Numerous studies have shown that collagen levels play an essential role in the development of LC [20, 21]. Naveen et al. [22] identified collagen VI as a potential biomarker for the early diagnosis of LC by proteomic analysis, suggesting that LC is associated with collagen-encoding genes. The COL6A4P2 gene is a pseudogene formed by the chromosomal break of the collagen-encoding gene COL6A4 [13, 23]; therefore, we speculate that the COL6A4P2 gene may be associated with LC. Our results suggest that the rs34445363 mutation in the COL6A4P2 gene significantly increases the risk of LC, validating our conjecture, and is consistent with previous studies.
Our results also found that the association between COL6A4P2 gene polymorphism and LC risk was influenced by gender and age. A retrospective analysis by Oh et al. [24] assessed the crucial effects of sex and age in the development of LC. Aareleid et al. [25] revealed that LC has different incidence rates in different genders and ages. These studies are consistent with our results and enhance the credibility of our findings.
Furthermore, we predicted the differential expression of COL6A4P2 in normal lung tissues and LC tissues using a database. Voiles et al. [12] found that collagen VI protein levels increased in tumor lung tissue and speculated that the expression of the COL6A4P2 gene in tumor lung tissue is variable. This is consistent with our predictions. Fagerberg et al. [26] found that the COL6A4P2 gene is specifically expressed in human lung tissue by genome-wide integration analysis of transcriptomics and antibody proteomics.
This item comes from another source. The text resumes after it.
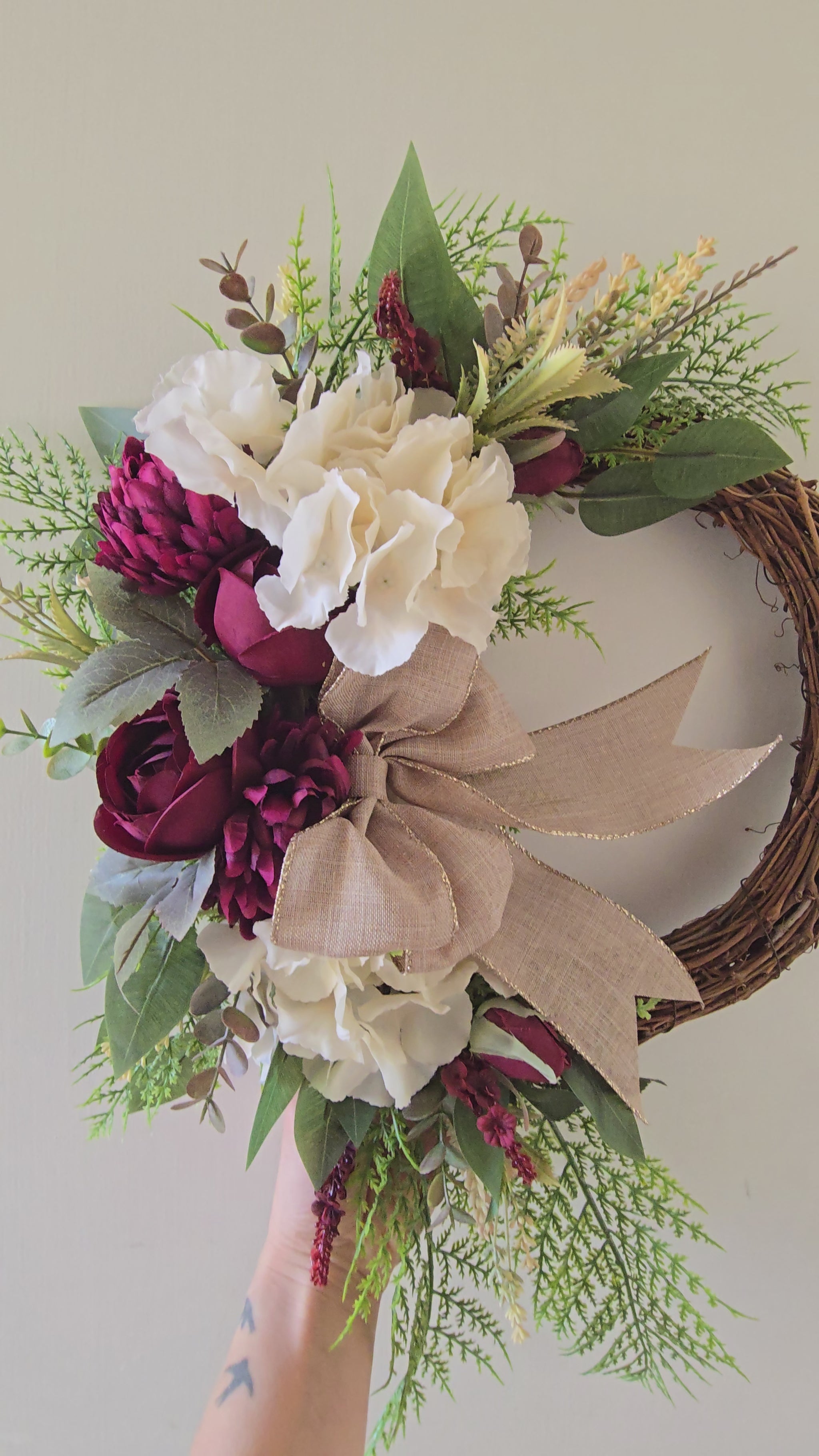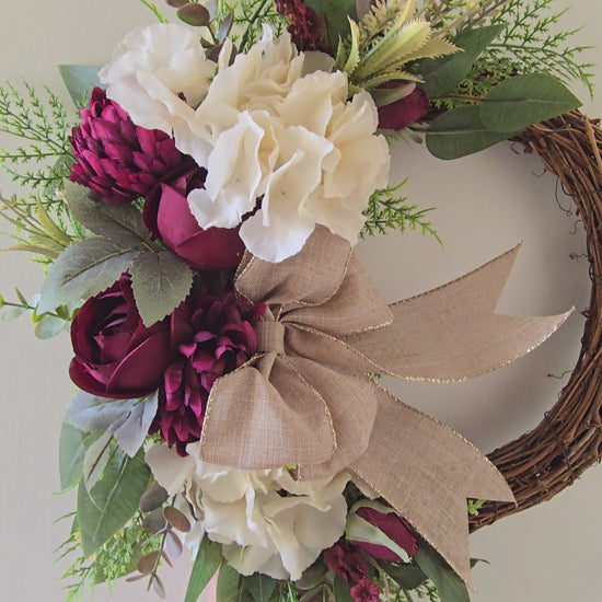 This farmhouse style wreath is designed to be a year-round beauty, featuring gorgeous burgundy blooms and cream hydrangeas.

These findings suggest the important research significance of the COL6A4P2 gene in the development of LC, prompting that the COL6A4P2 gene deserves further study.
Conclusion
In conclusion, the present study is the first to investigate the association between COL6A4P2 and LC. Our findings indicated that COL6A4P2 gene polymorphism is associated with LC risk in the Chinese Han population. However, it is necessary to conduct further studies in other races and larger sample sizes to confirm our results. Our study provides a basic reference for individualized LC prevention.
Supporting information
Acknowledgments
We thank all authors for their contributions and supports. We are also grateful to all participants for providing blood samples.
Data Availability
All original data used in this study can be found in S4 Table.
Funding Statement
The author(s) received no specific funding for this work. Our study had no funding relationship with Xi'an 21st Century Biological Sicence and Technology Co., Ltd, which has an employment relationship with several authors of this study. The specific roles of these authors are articulated in the ‘author contributions’ section.
References
- 1.Kou Y, Li G, Shao J, et al. Genome-Wide Profiling Reveals That Herbal Medicine Jinfukang-Induced Polyadenylation Alteration Is Involved in Anti-Lung Cancer Activity. Evid Based Complement Alternat Med. 2017;2017:5326909. 10.1155/2017/5326909 [DOI] [PMC free article] [PubMed] [Google Scholar]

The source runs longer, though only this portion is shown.